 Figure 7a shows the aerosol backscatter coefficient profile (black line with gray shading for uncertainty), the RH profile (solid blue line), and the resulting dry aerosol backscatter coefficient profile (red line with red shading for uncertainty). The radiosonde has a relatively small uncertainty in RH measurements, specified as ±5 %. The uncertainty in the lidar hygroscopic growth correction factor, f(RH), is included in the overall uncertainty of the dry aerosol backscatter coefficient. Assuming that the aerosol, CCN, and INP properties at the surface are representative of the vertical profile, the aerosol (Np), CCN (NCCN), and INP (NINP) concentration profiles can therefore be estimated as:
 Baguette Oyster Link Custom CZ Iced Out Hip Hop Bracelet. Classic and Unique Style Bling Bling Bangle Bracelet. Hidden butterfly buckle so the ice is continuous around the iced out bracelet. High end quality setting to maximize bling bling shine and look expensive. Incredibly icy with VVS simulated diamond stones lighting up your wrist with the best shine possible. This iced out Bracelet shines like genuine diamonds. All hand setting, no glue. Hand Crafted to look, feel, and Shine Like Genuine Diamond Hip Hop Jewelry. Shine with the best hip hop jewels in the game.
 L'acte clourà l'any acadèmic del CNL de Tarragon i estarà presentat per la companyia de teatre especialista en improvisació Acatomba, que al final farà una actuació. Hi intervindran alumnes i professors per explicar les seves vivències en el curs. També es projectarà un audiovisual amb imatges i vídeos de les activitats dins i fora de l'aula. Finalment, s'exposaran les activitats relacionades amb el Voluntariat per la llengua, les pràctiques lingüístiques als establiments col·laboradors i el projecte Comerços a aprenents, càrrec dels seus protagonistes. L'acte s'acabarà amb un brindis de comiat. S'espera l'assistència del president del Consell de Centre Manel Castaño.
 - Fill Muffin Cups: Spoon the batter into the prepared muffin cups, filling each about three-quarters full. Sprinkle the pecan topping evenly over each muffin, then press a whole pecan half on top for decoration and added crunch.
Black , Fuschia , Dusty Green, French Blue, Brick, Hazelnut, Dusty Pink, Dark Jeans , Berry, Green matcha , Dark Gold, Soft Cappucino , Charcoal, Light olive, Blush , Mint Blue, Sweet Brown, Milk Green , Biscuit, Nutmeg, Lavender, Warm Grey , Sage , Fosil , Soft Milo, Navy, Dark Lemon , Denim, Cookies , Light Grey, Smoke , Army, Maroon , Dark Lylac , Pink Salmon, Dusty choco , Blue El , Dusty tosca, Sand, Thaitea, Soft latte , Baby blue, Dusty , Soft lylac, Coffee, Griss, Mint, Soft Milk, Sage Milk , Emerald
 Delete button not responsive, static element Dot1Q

...

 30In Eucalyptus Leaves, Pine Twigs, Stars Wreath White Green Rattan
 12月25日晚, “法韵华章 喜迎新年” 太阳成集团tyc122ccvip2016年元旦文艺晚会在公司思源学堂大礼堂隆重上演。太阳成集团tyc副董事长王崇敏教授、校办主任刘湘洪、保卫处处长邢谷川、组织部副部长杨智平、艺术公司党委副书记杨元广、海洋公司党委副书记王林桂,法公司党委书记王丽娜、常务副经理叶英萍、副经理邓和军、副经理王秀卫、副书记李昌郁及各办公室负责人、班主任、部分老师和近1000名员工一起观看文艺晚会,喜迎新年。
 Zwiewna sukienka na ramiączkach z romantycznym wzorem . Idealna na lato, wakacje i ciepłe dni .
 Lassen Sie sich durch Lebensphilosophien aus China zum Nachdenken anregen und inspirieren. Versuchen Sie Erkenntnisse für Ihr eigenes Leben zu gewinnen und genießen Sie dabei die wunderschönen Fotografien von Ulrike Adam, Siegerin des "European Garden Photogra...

=== TASK REQUIREMENTS ===
Find the word "Green" in the data and show each line that holds it.

=== OUTPUT BELOW ===
Black , Fuschia , Dusty Green, French Blue, Brick, Hazelnut, Dusty Pink, Dark Jeans , Berry, Green matcha , Dark Gold, Soft Cappucino , Charcoal, Light olive, Blush , Mint Blue, Sweet Brown, Milk Green , Biscuit, Nutmeg, Lavender, Warm Grey , Sage , Fosil , Soft Milo, Navy, Dark Lemon , Denim, Cookies , Light Grey, Smoke , Army, Maroon , Dark Lylac , Pink Salmon, Dusty choco , Blue El , Dusty tosca, Sand, Thaitea, Soft latte , Baby blue, Dusty , Soft lylac, Coffee, Griss, Mint, Soft Milk, Sage Milk , Emerald
 30In Eucalyptus Leaves, Pine Twigs, Stars Wreath White Green Rattan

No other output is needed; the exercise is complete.